The approval has been received for the firm’s tip-navigated GuideWire, PointerShell instrument adaptor and FlexTube navigated suction and irrigation.
The instrument set has been developed to provide surgeons with flexibility and easier navigation of open or endoscopic (transnasal) ENT procedures.
The GuideWire has a diameter of 0.8 mm, which allows surgeons position a balloon during sinus dilation procedures under CT guidance, while the PointerShell uses an automated calibration process to turn a cylindrical rigid instrument, such as a shaver blade, into a navigated tool within seconds.
The FlexTube can be easily bent to any angle, enabling suction and irrigation to all nasal sinuses without the need to exchange instruments.
Fiagon said that its instruments feature chip on the tip technology, including bendable instrumentation to reach challenging anatomy.
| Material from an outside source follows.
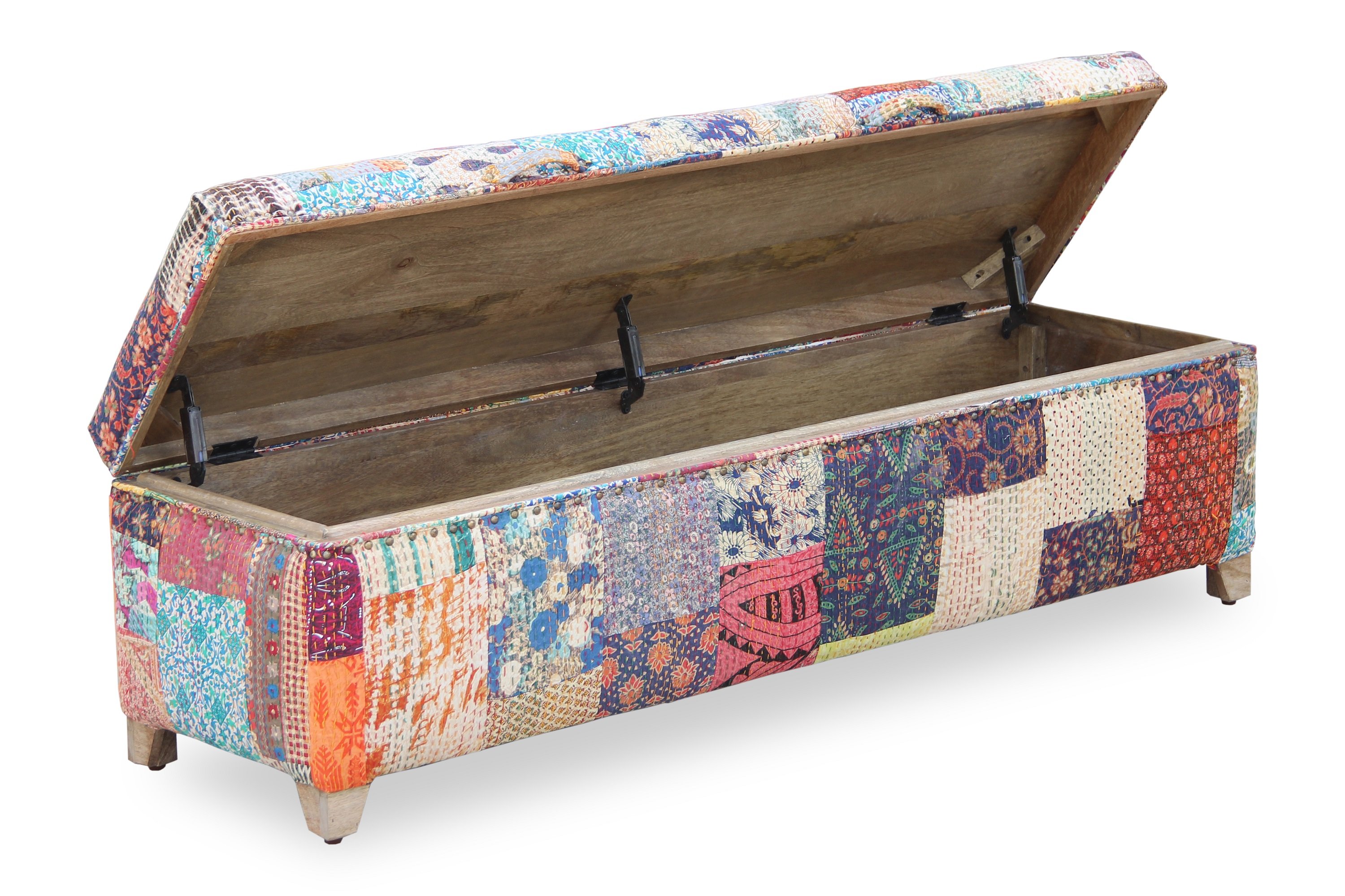 The Cadence Patchwork Bench Ottoman with Storage 60 Inch is a particularly popular and functional Ottoman/ Bench. This ottoman is constructed, using tongue and groove joint methods, of mango timber-with exposed wood in a water resistant lacquer sealed blended finish. The interior is fully framed in Mango and offers a clean and very well made storage feature. The fabric used for the upholstery is a varying combination of patchwork fabric quilts, hand cut and sewn by local cooperatives who add decorative stitching. The decorative nail heads are individually set. No Assembly Required! Hand Made in India.

The ENT Extended Instrument Set has also been approved in Europe, China, the Middle East and South Korea, and is currently sold in around 40 countries across the globe.
Fiagon also noted that it has established US headquarters in Austin, Texas, to further its expansion into North America.
Fiagon chief sales officer Wolfgang Urbild said: "Our new headquarters and distributor partners will help us continue to grow as we seek additional regulatory approvals."